:: TASK INSTRUCTIONS ::
Within the entries below, please retype exactly the lines starting with the line that has "Hotline for Health" and going on through the line that has "Plus Size Leopard", but not the pictures.

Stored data
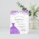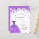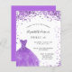 Eine moderne, stilvolle und glamouröse Einladung zu einer Sweet 16. Geburtstagsfeier. Auf der Vorderseite ein weißer Hintergrund mit violettem, lila Glitzern, ein violettes Kleid. Der Name ist mit einem modernen handgeschriebenen Stilskript geschrieben. Personalisieren Sie Ihre Party-Daten und fügen Sie sie hinzu.
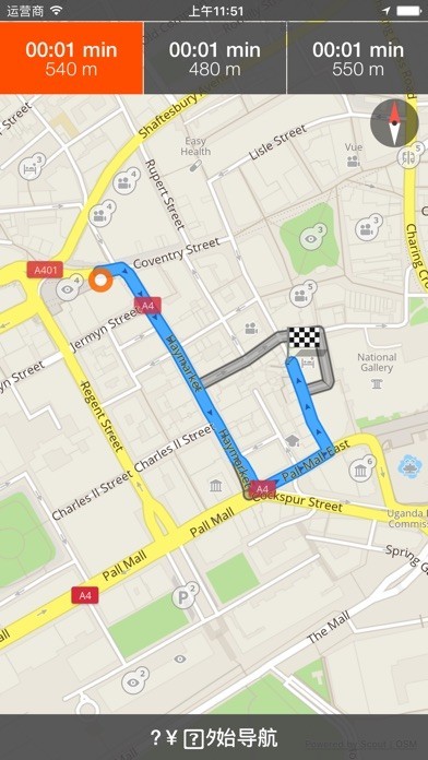 - 距離の表示と到着時間と歩行者、自転車や車の場合は常に最短で安全なルート。
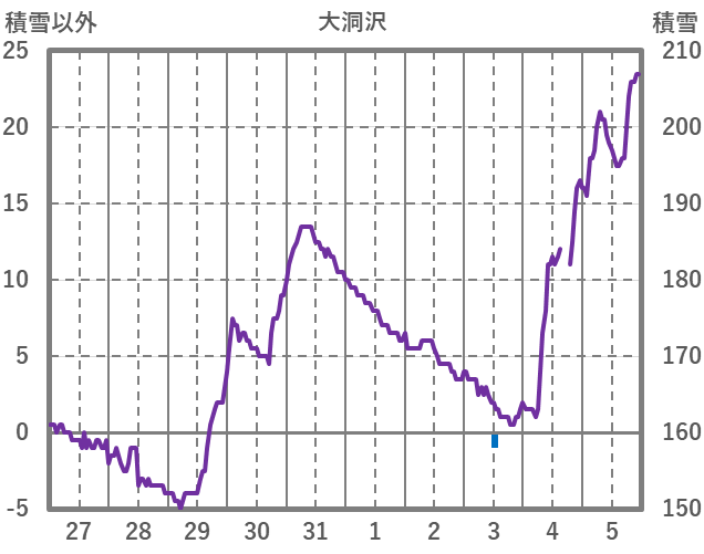 | 日 | 時 | 気温 | 降水 | 風向/風速 | 日照 | 積雪 | 降雪 |
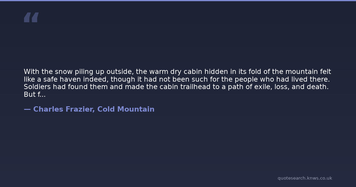 With the snow piling up outside, the warm dry cabin hidden in its fold of the mountain felt like a safe haven indeed, though it had not been such for the people who had lived there. Soldiers had found them and made the cabin trailhead to a path of exile, loss, and death. But for a while that night, it was a place that held within its walls no pain nor even a vague memory collection of pain.
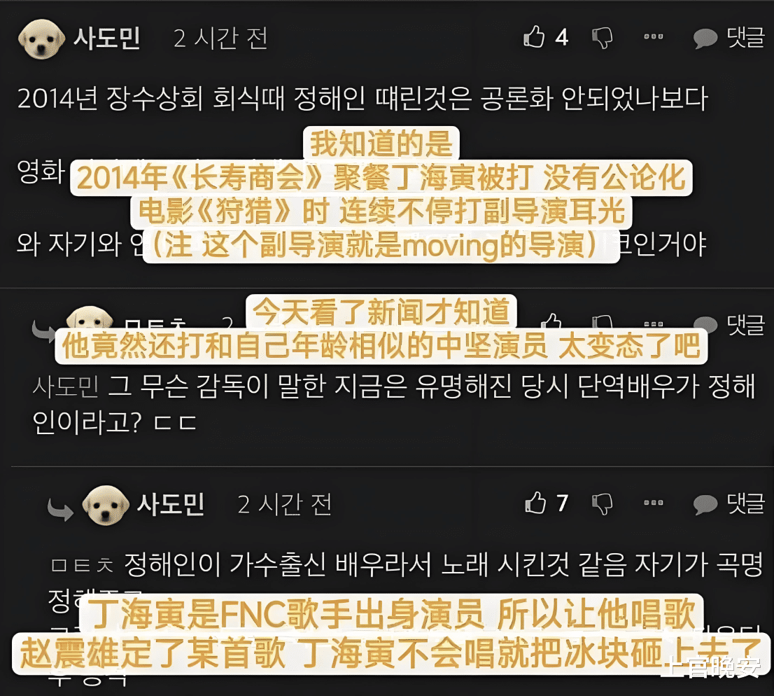 入行后曾酒驾被吊销驾照,只是那时候他还没什么名气,事态没有进一步扩大。成名后霸凌新人演员,丁海寅在一次聚餐中被赵震雄用冰块砸脸,只因不会唱赵震雄点的歌。
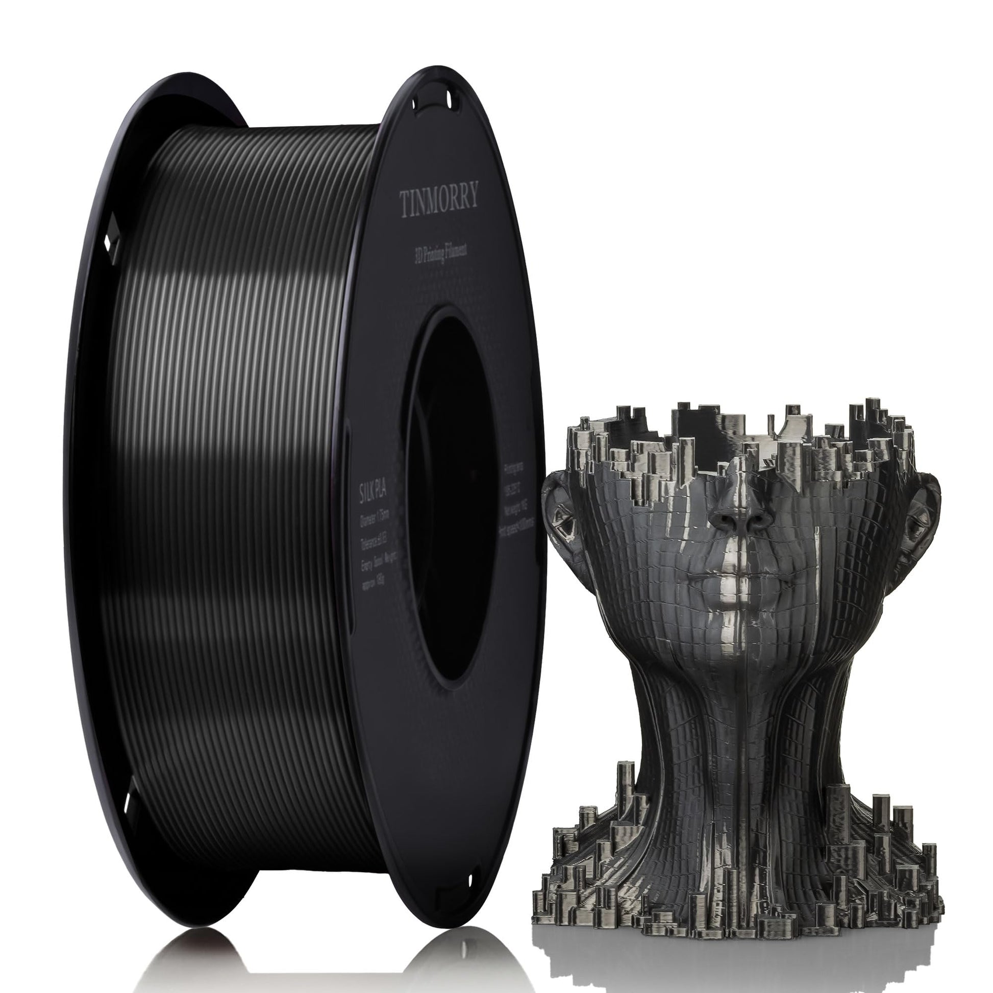 Silk PLA Filament 1.75mm, TINMORRY 3D Printer Filament, 1kg, 1 Spool, Iron Black
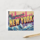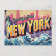 New York Statue Wave Skyline Postcard
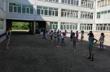 12 июля дети пришкольного лагеря ходили на экскурсию в спортивный клуб «Аркара». Под руководством тренера Сагдеевой Е.В. они занимались пилатесом. Так же в этом клубе ребята позанимались на спортивных тренажёрах. После обеда вожатые провели игру «Знатоки природы». На часе творчества рисовали на тему «Природа вокруг меня». На вечерней линейке дети получили призы. Трудовой отряд убирался во дворе школы. Они подметали, убирали мусор.
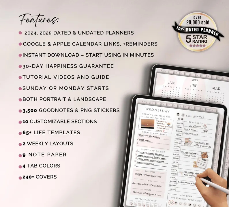 2025 Digital Planner GoodNotes Template for iPad Tablet and Phone with Apple & Google Calendar links Life Journal Daily Weekly and Monthly
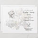 Modelo do programa de casamento dobrado com fundo de flores de magnólia. Corações entrelaçados decoram a frente, sob os nomes, e na última página acima da mensagem "obrigado você" para os convidados. A magnólia meridional é uma flor grande e branca e esta design é perfeita para qualquer casal casando no sul.
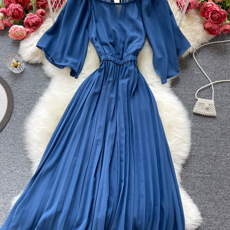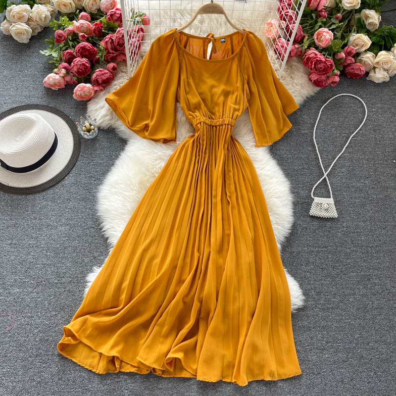 Cheap Dresses, Buy Quality Women’s Clothing Directly from China Suppliers:Vintage Women Chiffon Pleated Dress Summer Round Neck Short Sleeve High Waist Green/Red/Purple Draped Vestidos Female New
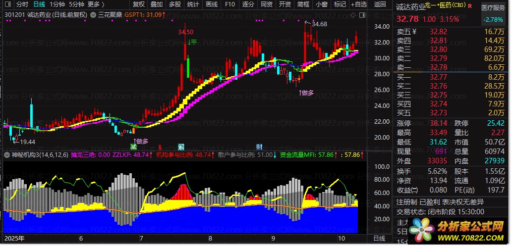 超卖信号捕捉:通过13日RSI指标低于20的超卖条件识别短期反弹机会,结合价格与34日均线的偏离度(如偏离低于-15),标注“短牛”和“迅速出击”等买入提示。
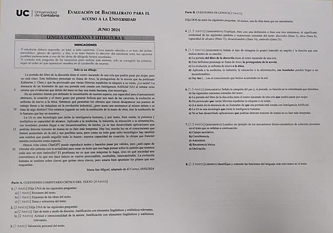 Los alumnos cántabros han tenido que analizar una versión algo modificada de un artículo publicado en la sección de Opinión de este periódico el pasado 5 de febrero y que lleva por título 'Solo es un dibujo'. Se trata de una reflexión sobre la inteligencia artificial y cómo su uso influirá en las creaciones humanas. Sobre él, los estudiantes han tenido que ir analizando la estructura y otros elementos lingüísticos o de estilo, así como realizar una valoración personal sobre el texto.
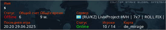 Играет на Counter Strike Global Offensive сервере. Страна: КазахстанПервый раз замечен 18:20 27.06.2025
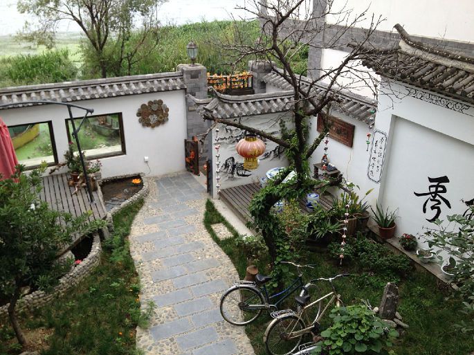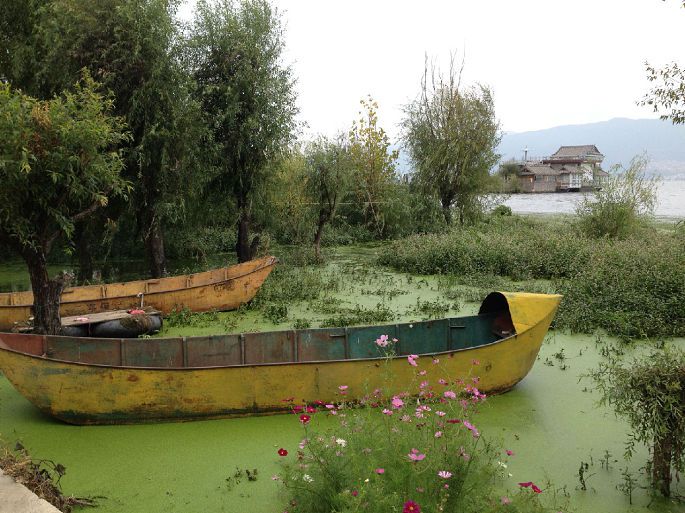 这是客栈门前的小船,我们就是坐着它去游的洱海,下面的图片是客栈的小院,真的很美很别致,看得出老板的用心,我住的是二楼的海景房,在房内就可以看见洱海的美景。
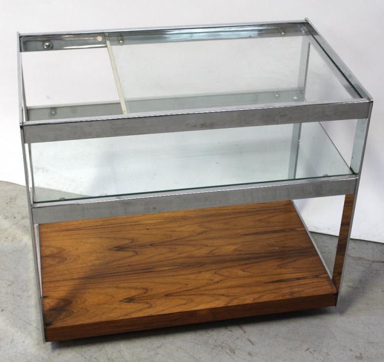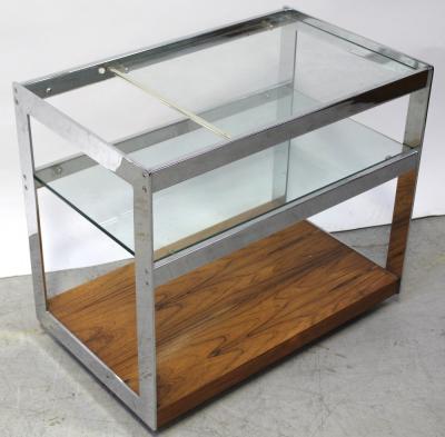 Lot 85 of 681: Merrow Associates; a 20th century Richard Young rosewood and chrome cocktail drinks trolley, glass top and centre glass shelf to lower rosewood shelf, all within a chrome frame to concealed castors, 74 x 65cm. CITES certificate no.577466/03.
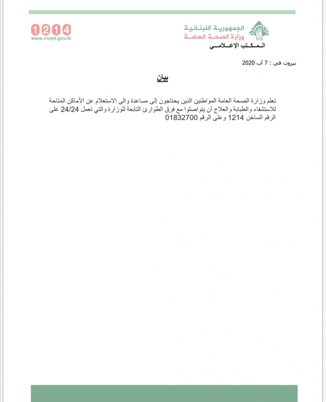 Hotline for Health Services for Displaced Lebanese
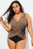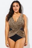 Plus Size Leopard Print V-Neck One Piece Swimsuit  - PremCurve
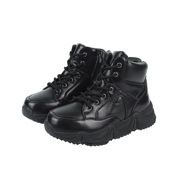 Стильные и модные демисезонные ботинки предназначены для детей школьного возраста. Верх обуви пошит из комбинации кожи и текстиля. Сочетание материалов обеспечивает тепло и комфорт стопам, кожа не склонна к царапинам и препятствует проникновению холода. Подкладка и стелька выполнены из текстиля и утеплены черным флисом. Черная массивная подошва из термопластичной резины (ТПР) не скользит на дорогах, устойчива к низким температурам и равномерно распределяет нагрузку на ноги благодаря упругости. В качестве застежки использована молния сбоку ботинок, а также шнуровка, чтобы дополнительно утянуть обувь на ноге.
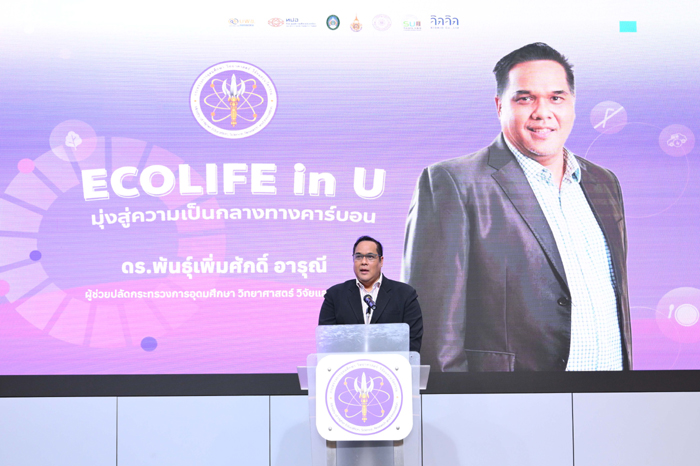 ดร.พันธุ์เพิ่มศักดิ์ อารุณี ผู้ช่วยปลัดกระทรวงการอุดมศึกษา วิทยาศาสตร์ วิจัยและนวัตกรรม (อว.) กล่าวว่า “โครงการ “ECOLIFE in U” นับเป็นก้าวสำคัญของกระทรวง อว. ในการพัฒนาสถาบันอุดมศึกษาให้มีคุณภาพอย่างยั่งยืน (Sustainable University) และมุ่งสู่เป้าหมาย “ความเป็นกลางทางคาร์บอน” (Carbon Neutrality) โดยมุ่งเน้นการสร้างการรับรู้และปลูกจิตสำนึกด้านสิ่งแวดล้อมให้กับนิสิต นักศึกษา และบุคลากรในสถาบันอุดมศึกษาโดย “U” หมายถึงทั้งนิสิต นักศึกษา (You) และมหาวิทยาลัยทั่วประเทศ (University) ซึ่งเริ่มดำเนินโครงการตั้งแต่ปี 2567”
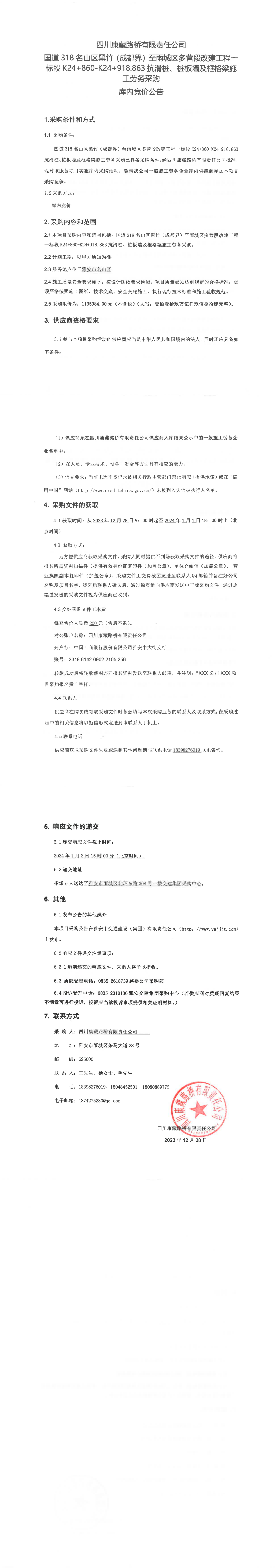 四川康藏路桥有限责任公司国道318名山区黑竹(成都界)至雨城区多营段改建工程一标段K24+860-K24+918.863抗滑桩、桩板墙及框格梁施工劳务采购库内竞价公告
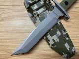 D8刺是其公司限量产,市面上极少,其整体刚劲而刀型优美,外柔内刚的个性使其成为经久不衰的最经典刀款之一。经典源于细节的完美,经典的刀款需要细致完美的生产工艺才能造出一把好刀。一把看似简单的军刀,做好它却需要好的材料、苛刻的生产工艺、精密的模具、一流的配件、理想的表面处理等。如果一把刀的所有配件都是现成的,那装配好一把刀那只是几分钟的事情;但是制作一把刀从准备到做好那可是好几个月或者更长的时间。我们08年下半年的时候就准备做一把理想的军刀,但后来因种种原因就搁浅下来了,直到09年5月份又重新提上议程来。从做图纸、预订材料、做模具等这一切进度都是那么的缓慢。慢的原因很简单,因所有的材料都是定制的,高要求而量少厂家都不太乐意做,所以这也是为什么一款产品售完不再复产的原因。其中最麻烦的就是G10手柄颜色的定制,前后共调了三次颜色,因生产工厂在广州每调一次颜色就得十几天的时间周期,这前前后后两三个月的时间就过去了。刀鞘和刀柄座钢件要各开一套模具,刀柄座钢件的压铸模具还比较好解决,但是刀鞘塑料模具就有技术含量了,为了确保刀鞘质量,其模具由具有警察装备资质的模具厂制造,两个多月的工时不算长,但其高精密度要求的工序是烦琐而复杂的。 主材料(钢材,手柄材料)、辅料(刀鞘的织带,插扣,螺丝……)、模具都安排妥当后就进入刀体制作程序了。D9、D8军刺选用D2钢材,高精密度线切割外形,保证了假刃、刃面打磨及其它刃线的对称性同一致性。该刀从清根到刀尖全是凹磨整体呈S形曲线,并且在清根、刀刃中端、刀尖处三处的打磨宽度不一样,也就是说从清根到刀尖的凹磨角度一直呈复杂的立体变化,而不是简单的凹面变化。所以这部分的打磨必须是手工打磨或CNC做刀刃打磨,这可能也是该刀原版稀少而贵的原因。带涂层的刀具我们都知道其柄片和龙骨边缘之间的配合是个难点,因为柄片装好后不可以再把柄片同龙骨之间配合不好的地方打磨一遍,一打磨龙骨表面的涂层就损坏了。该军刺用军绿G10材料制作手柄,为保证柄片同龙骨边缘的配合精度,手柄全CNC工艺成型,且表面有防滑纹,起防滑手作用;刀刃表面采用先进的珠光钛涂层工艺(非喷沙工艺),其具有超强防腐蚀同消光作用。 好马配好鞍,好刀配好鞘。刀鞘我们也力求最好,就连一个小小的插扣配件,我们选用了世界品牌的美国多耐福插扣,这比普通的插扣价格足足贵了6倍以上。也许在各个方面还有不尽人意的地方,但我们力求做到更好;没有最好,只有更好,现在的水平就是我们在这个环境下能发挥的全力水平了(当然以后还会更好)。我们敢说批量生产产品中D9、D8军刺是现国内最高生产水平的作品之一。类 型: 刺刀 全 长: 32.0cm 刃 长: 19.0cm 刃 宽: 3.7cm(最宽处)柄 长: 12.5cm刃 材: D2钢硬 度: 60 HRC表 面: 钛离子刃 厚: 0.60cm柄 材: 龙骨结构,军绿G10柄片净 重: 540.0g总 重: 1040.0g(包括纸盒和刀鞘)包 装:原装纸盒其 他:配附ABS战术刀鞘品 质: 品质卓越

:: RESULT FOR THIS EXERCISE ::
 Hotline for Health Services for Displaced Lebanese
 Plus Size Leopard Print V-Neck One Piece Swimsuit  - PremCurve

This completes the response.